Easier container security with entitlements

May 24, 2018

This article was contributed by Antoine Beaupré

During KubeCon + CloudNativeCon Europe 2018, Justin Cormack and Nassim Eddequiouaq presented a proposal to simplify the setting of security parameters for containerized applications. Containers depend on a large set of intricate security primitives that can have weird interactions. Because they are so hard to use, people often just turn the whole thing off. The goal of the proposal is to make those controls easier to understand and use; it is partly inspired by mobile apps on iOS and Android platforms, an idea that trickled back into Microsoft and Apple desktops. The time seems ripe to improve the field of container security, which is in desperate need of simpler controls.

The problem with container security

Cormack first stated that container security is too complicated. His slides stated bluntly that "unusable security is not security" and he pleaded for simpler container security mechanisms with clear guarantees for users.

"Container security" is a catchphrase that actually includes all sorts of measures, some of which we have previously covered. Cormack presented an overview of those mechanisms, including capabilities, seccomp, AppArmor, SELinux, namespaces, control groups — the list goes on. He showed how docker run --help has a "ridiculously large number of options"; there are around one hundred on my machine, with about fifteen just for security mechanisms. He said that "most developers don't know how to actually apply those mechanisms to make sure their containers are secure". In the best-case scenario, some people may know what the options are, but in most cases people don't actually understand each mechanism in detail.

He gave the example of capabilities; there are about forty possible values that can be provided for the --cap-drop option, each with its own meaning. He described some capabilities as "understandable", but said that others end up in overly broad boxes. The kernel's data structure limits the system to a maximum of 64 capabilities, so a bunch of functionality was lumped together into CAP_SYS_ADMIN, he said.

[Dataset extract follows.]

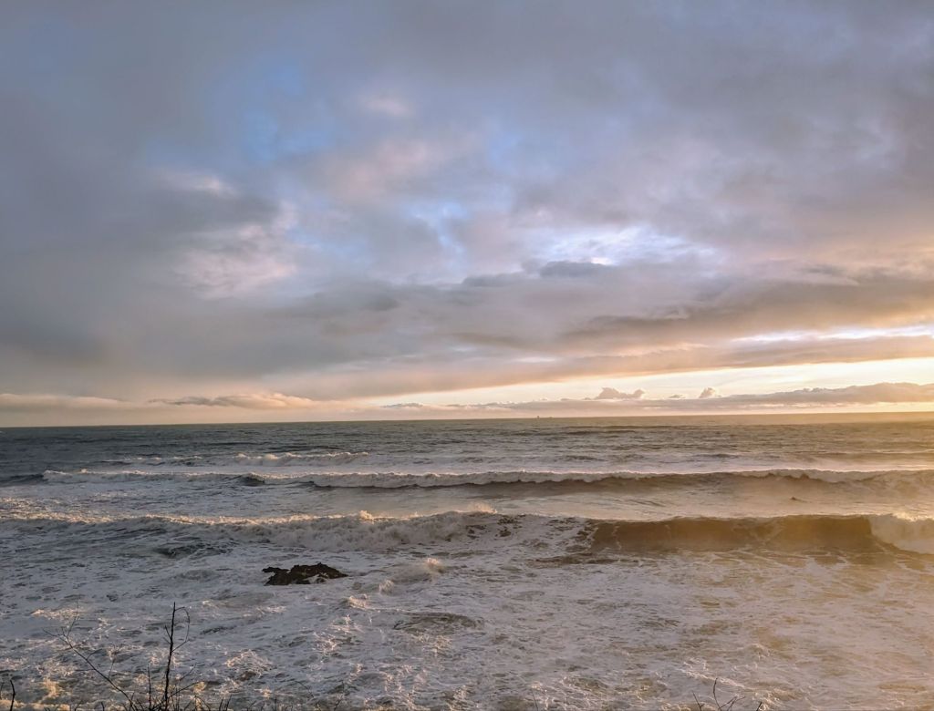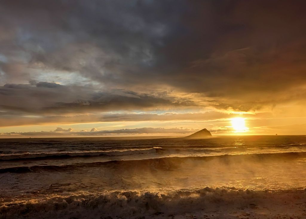 Yesterday was one of those repetitive blogging days when I do a regular activity. About once every four or five weeks, our dogs go to the groomers in Wembury and I get three to four hours to do whatever I want. Unhindered by the needs of two dogs. Sometimes I get on with regular life admin but mostly I take myself to Wembury beach which offers a variety of me-shaped entertainments. A Coffee shop, an excellent swimming beach and the South West Coastal path in two directions. Yesterday was a little different as the weather was shocking and I had driven through a flood to get there. There was no phone signal and the rain was drenching. I had one essential task that could be performed in the local Post Office. Beyond that it was just book reading in the campervan with cups of tea from a thermos flask. Hardly the stuff of blogging gold. But the weather and tides had other plans for the day. The header photograph is not black and white but exactly as the coast presented itself on arrival. The wind was a warm, but strong, south westerly and an abnormally high tide was due at 5pm. In no time at all our little brown campervan had many friends in the car park. Campervan’s and regular vans bringing hoards of excited surfers to the beach. Maybe fifty vans being unpacked by rubber clad enthusiasts eager to make the best of the day on their boards. I watched from the comfort of the van and the hours passed, but soon enough the tea had worked its way to my bladder and I decided to walk to the public loo rather than use our onboard facilities. The power of the sea was amazing in a relatively small bay. The surfers or the weather had brought many onlookers who, just like me, stood on the cliffs and watched the spectacle of nature and the little black specs who were riding the waves. The sunset coincided with high-tide and nature threw out a light show to end the afternoon.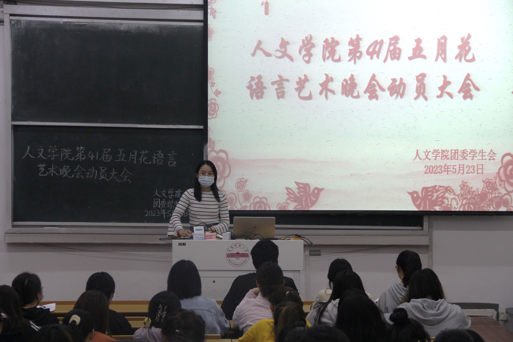 洪星星提出几点要求,要做好节目预案,防止突发事件;要求进一步细化职责,各部门应坚守岗位、各尽职责;要做好保存管理工作,避免造成不必要的损失。最后强调了各班级在后续进场观看节目时相关注意事项。

Cormack also talked about namespaces and seccomp. While there are fewer namespaces than capabilities, he said that "it's very unclear for a general user what their security properties are". For example, "some combinations of capabilities and namespaces will let you escape from a container, and other ones don't". He also described seccomp as a "long JSON file" as that's the way Kubernetes configures it. Even though he said those files could "usefully be even more complicated" and said that the files are "very difficult to write".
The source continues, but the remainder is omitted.